Message de Numan Kurtulmuş sur la nouvelle Constitution

Le président de la Grande Assemblée nationale de Turquie (TBMM), Numan Kurtulmuş, a participé au programme de simulation parlementaire 2025 du lycée d'imam hatip Anadolu de Kartal. Lors de son intervention, M. Kurtulmuş a déclaré : « Pour renforcer la démocratie turque, nous disposons d'arguments clés : une nouvelle Constitution ayant fait l'objet d'un consensus social, un règlement intérieur solide et une loi sur les partis politiques favorisant la compétition démocratique. »

İHA

Le programme de simulation parlementaire 2025, organisé par le lycée d'imam hatip Anadolu de Kartal, s'est déroulé en présence du président de la TBMM, Numan Kurtulmuş, du gouverneur d'Istanbul, Davut Gül, et des élèves. L'événement, qui a réuni des lycéens venus de 50 établissements différents à travers toute la Turquie, a porté sur le fonctionnement de la démocratie et les questions constitutionnelles.

« LA TBMM A REÇU LE TITRE DE « GAZI » POUR LA SECONDE FOIS »

S'exprimant lors du programme, le président de la TBMM, Numan Kurtulmuş, a déclaré : « Comme vous le savez, il existe des assemblées constituantes dans le monde. Il est très rare qu'une assemblée fonde un État. La Grande Assemblée nationale de Turquie est le quartier général qui a mené la lutte pour la libération nationale de la Turquie dans les conditions les plus difficiles.

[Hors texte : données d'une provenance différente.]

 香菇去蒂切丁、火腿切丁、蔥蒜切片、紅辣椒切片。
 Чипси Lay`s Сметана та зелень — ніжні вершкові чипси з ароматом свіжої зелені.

C'est pourquoi nous disons que notre Assemblée est une « Assemblée Gazi » (vétérane). Elle n'a pas seulement fait preuve de cet honneur lors de la première Assemblée pendant la libération du pays ; elle a également conservé son existence au nom de la nation sous les bombes lors de la nuit du 15 juillet, en restant ouverte pendant la tentative de coup d'État des traîtres membres du FETÖ, utilisés comme un instrument d'un plan étranger visant à détruire et à occuper la Turquie, recevant ainsi le titre de « Gazi » pour la seconde fois.

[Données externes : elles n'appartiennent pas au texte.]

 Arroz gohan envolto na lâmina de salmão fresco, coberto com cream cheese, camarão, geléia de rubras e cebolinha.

Il n'existe aucune autre assemblée de ce type dans le monde. Dans ce contexte, je tiens à exprimer clairement ceci : au fil des années, des foyers obscurs en Turquie ont constamment déversé leur venin pour discréditer la TBMM et les députés, afin de faire pression sur la démocratie civile et la volonté nationale. Quelles que soient les conditions en Turquie, c'est la volonté nationale qui défend la démocratie, même dans les moments les plus difficiles. La TBMM est le berceau de la démocratie. Posséder une démocratie solide et forte est l'un des atouts les plus puissants de la Turquie. Nous devons être une Turquie qui a les pieds sur terre à tous égards dans cette région », a-t-il ajouté.

« UNE NOUVELLE CONSTITUTION AYANT FAIT L'OBJET D'UN CONSENSUS SOCIAL »

Poursuivant son discours, M. Kurtulmuş a déclaré : « Le premier article du contrat social est la justice. Si l'on me demandait de rédiger une Constitution en un seul article, je dirais ceci : l'État a l'obligation d'assurer la justice. Le consensus est essentiel pour une démocratie solide. Il s'agit de la capacité de la grande majorité de la société à se rassembler, à s'unir autour d'une idée et à prendre une décision commune.

Le consensus est également une clé importante pour éliminer les contradictions. Nous mènerons nos affaires par la concertation. Nous nous en remettrons à Dieu pour que les résultats soient bons, en appliquant jusqu'au bout les décisions prises par la concertation. La politique consiste à mettre en place une structure capable de prendre des décisions, avec ses institutions et ses règles.

C'est la capacité des différents segments à s'organiser. C'est la capacité à réaliser la politique pour le bien de la nation. C'est l'art de gérer au mieux les questions qui concernent le bien de la nation et de la communauté (oumma) pour obtenir des résultats bénéfiques. Pour renforcer la démocratie turque, je le dis au regard des conditions actuelles :

Il nous faut une nouvelle Constitution, moderne, participative, démocratique, inclusive, fondée sur le principe de la séparation des pouvoirs, préparée dans le cadre de l'État de droit et ayant fait l'objet d'un consensus social. Un règlement intérieur solide qui assurera un fonctionnement démocratique au sein de l'Assemblée. Une loi sur les partis politiques qui permettra aux différentes voix d'être représentées dans la société et qui augmentera la compétition démocratique. Tous ces éléments sont les arguments dont nous disposons pour renforcer le mécanisme politique », a-t-il conclu.